Two prime examples of this are in fact the two largest fuel cell installations in the world.  The first is in South Korea.  There, a 11.2-megawatt (MW) fuel cell "park" is being run by the group Cobalt Sky to provide base load power, close to the point of demand, in Daegu City (population: 2.5 million).  On the less-than-one-acre site sit four 2.8-MW FuelCell Energy/POSCO Power systems.
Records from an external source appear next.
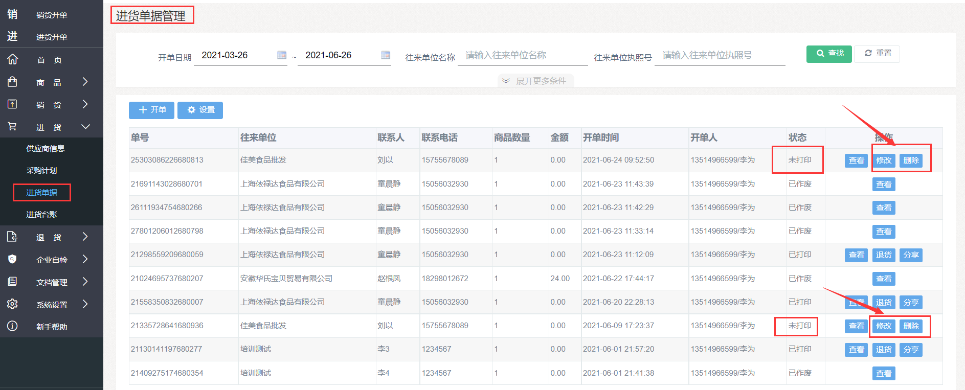 单据在打印或者生成台账之前(状态为未打印),可以修改与删除。
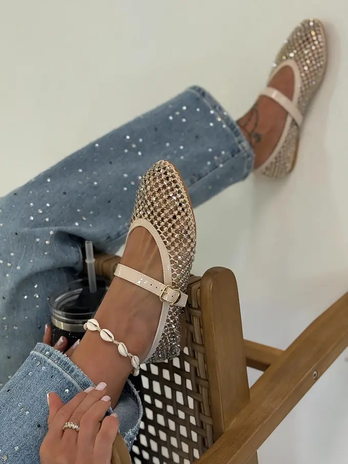 Trblietavé balerínky zdobené kamienkami, ktoré dodávajú outfitu jemný, ale výrazný akcent. Remienok cez priehlavok s nastaviteľným zapínaním zabezpečuje pohodlie a lepšiu fixáciu chodidla. Ideálna voľba k džínsom, šatám aj elegantnejším outfitom.
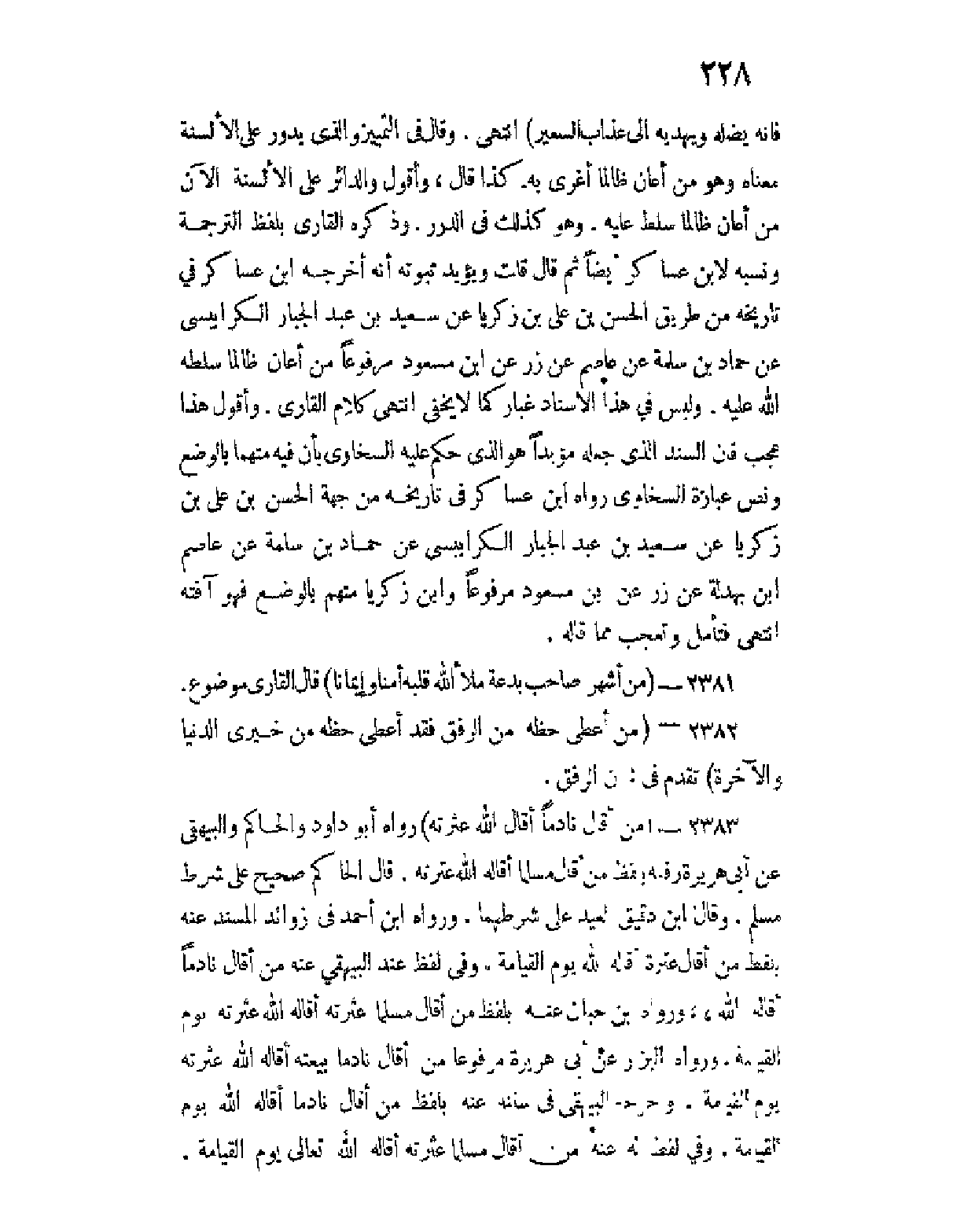 ونص عبارة السخاوي رواه ابن عساكر في تاريخه من جهة الحسن بن علي بن زكريا عن سعيد بن عبد الجبار الكرابيسي عن حماد بن سلمة عن عاصم بن بهدلة عن زر عن ابن مسعود مرفوعا وابن زكريا متهم بالوضع فهو آفته انتهى فتأمل وتعجب مما قاله.

The MCFC units, known as DFC3000s, each comprises six identical modules working together.  The flexibility, for the grid operator, is that more units can be added as demand grows, but also that the base load power will remain, unless something disastrous happens to the gas grid.  For the smart grid, however, which is looking for an additional level of flexibility, peaking power will still be needed in a system like this.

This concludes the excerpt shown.